1 minute read

Problem Statement

Given the root of a binary tree, return the inorder traversal of its nodes' values.

 

Example 1:
1
 \
  2
 /
3


Input: root = [1,null,2,3]
Output: [1,3,2]
Example 2:

Input: root = []
Output: []
Example 3:

Input: root = [1]
Output: [1]

My Explanation

I’ve written a method called inorderTraversal for dealing with a special type of tree called a binary tree. Imagine this tree as a structure where each element can have two branches, a left one and a right one. The goal of my code is to visit all the elements of this tree in a specific order and collect their values in a list.

To achieve this, I’ve created a helper function named helper. This function is like a little assistant that does the actual work of moving through the tree. It takes two things: a list called result where we’ll store the values in order, and a node representing the current element we’re looking at.

Now, the helper function does something interesting. If the current element (node) is empty (which means there’s nothing there), it just stops and doesn’t do anything. Otherwise, it keeps going.

It first calls itself for the left branch of the current element, ensuring we explore the left side of the tree first. Then, it adds the value of the current element to the result list. Finally, it calls itself again for the right branch, making sure we also check the right side of the tree.

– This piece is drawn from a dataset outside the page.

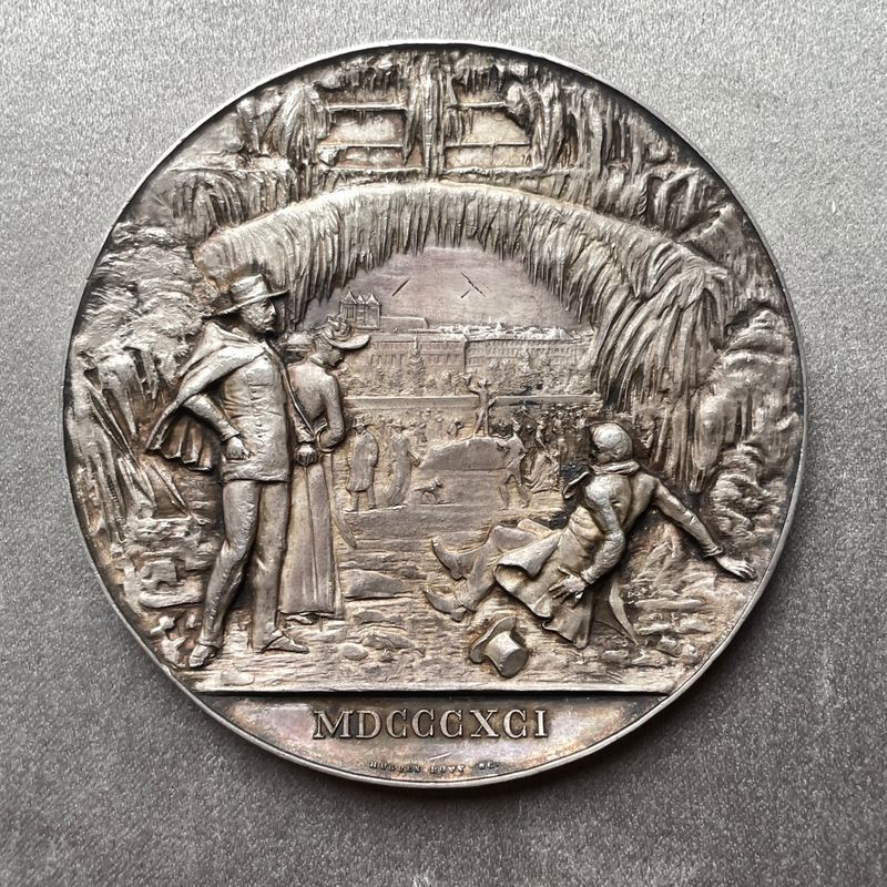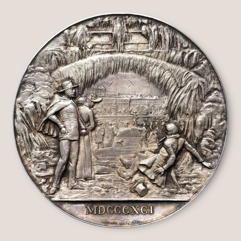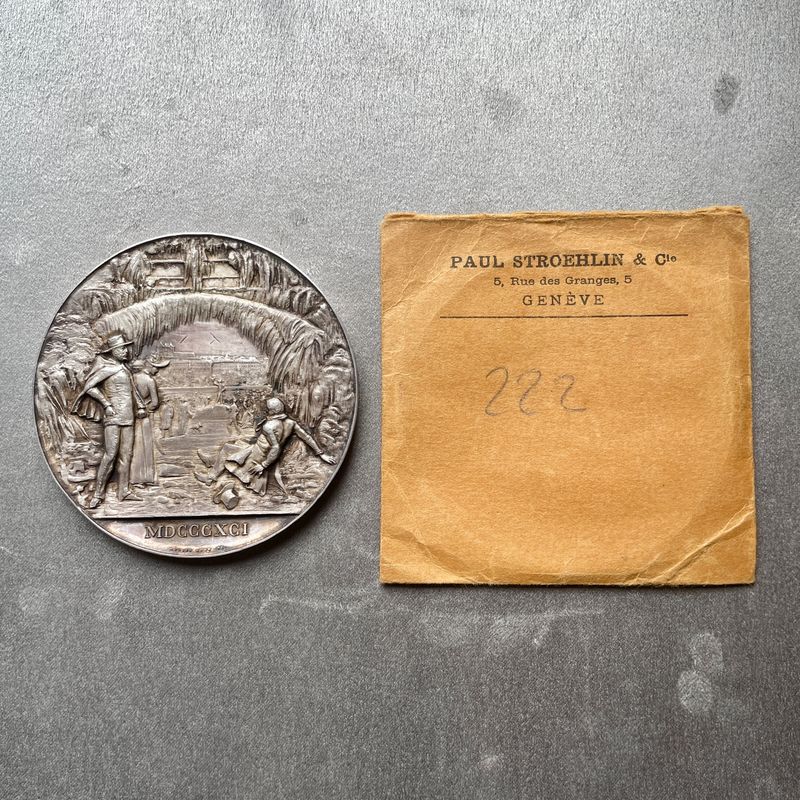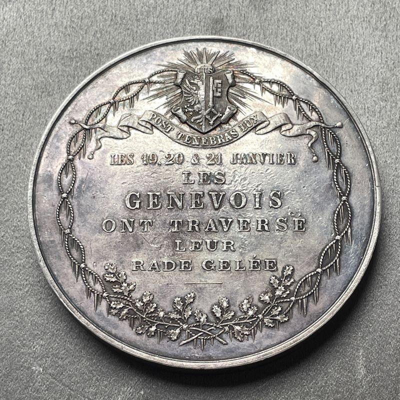 Silbermedaille von Hugues Bovy, herausgegeben anlässlich des Einfrierens des Genfer Hafens im Jahr 1891. Ansicht des zugefrorenen Hafens durch den Goléran des Eaux-Vives-Stegs. Datum und Name des Graveurs im Exergue / Sechszeilige Inschrift innerhalb eines Kreises aus gefrorenen Seilen. Wappen und Motto darüber. Glatter Rand. Durchmesser 71,0 mm; 163,56 g. Wund. 3129; Martin 65. Sehr selten. Die Ausgabe dieser Medaille war das Ergebnis einer privaten Initiative. Es wurden nur 10 Exemplare in Silber geprägt. Die vollständige Vereisung des Hafens war seit 1854 nicht mehr beobachtet worden. Verkauft von Paul Stroehlin, im Original-Papieretui. G25165

In the main inorderTraversal method, I start with an empty list called result, and then I ask my helper function to start the process from the very top of the tree, which is the root. The result, after this journey through the tree, is a list containing all the values in a specific order. I then hand over this list as the final result of my method.

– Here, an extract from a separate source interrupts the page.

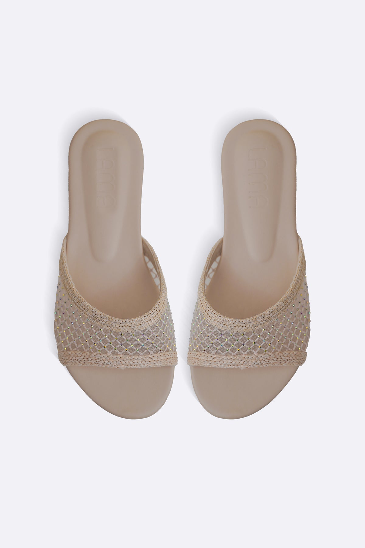 Occasion slides with studded mesh upper, cushioned insole and anti-slip outsole.
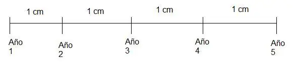 Bien, hasta ahí asocié el largo (1 cm) con el tiempo (años), ahora vamos a dibujar la cuarta dimensión.

# Definition for a binary tree node.
# class TreeNode:
#     def __init__(self, val=0, left=None, right=None):
#         self.val = val
#         self.left = left
#         self.right = right
class Solution:
    def inorderTraversal(self, root: Optional[TreeNode]) -> List[int]:
        def helper(result, node):
            if not node:
                return
            helper(result, node.left)
            result.append(node.val)
            helper(result, node.right)
        
        result = []
        helper(result, root)
        return result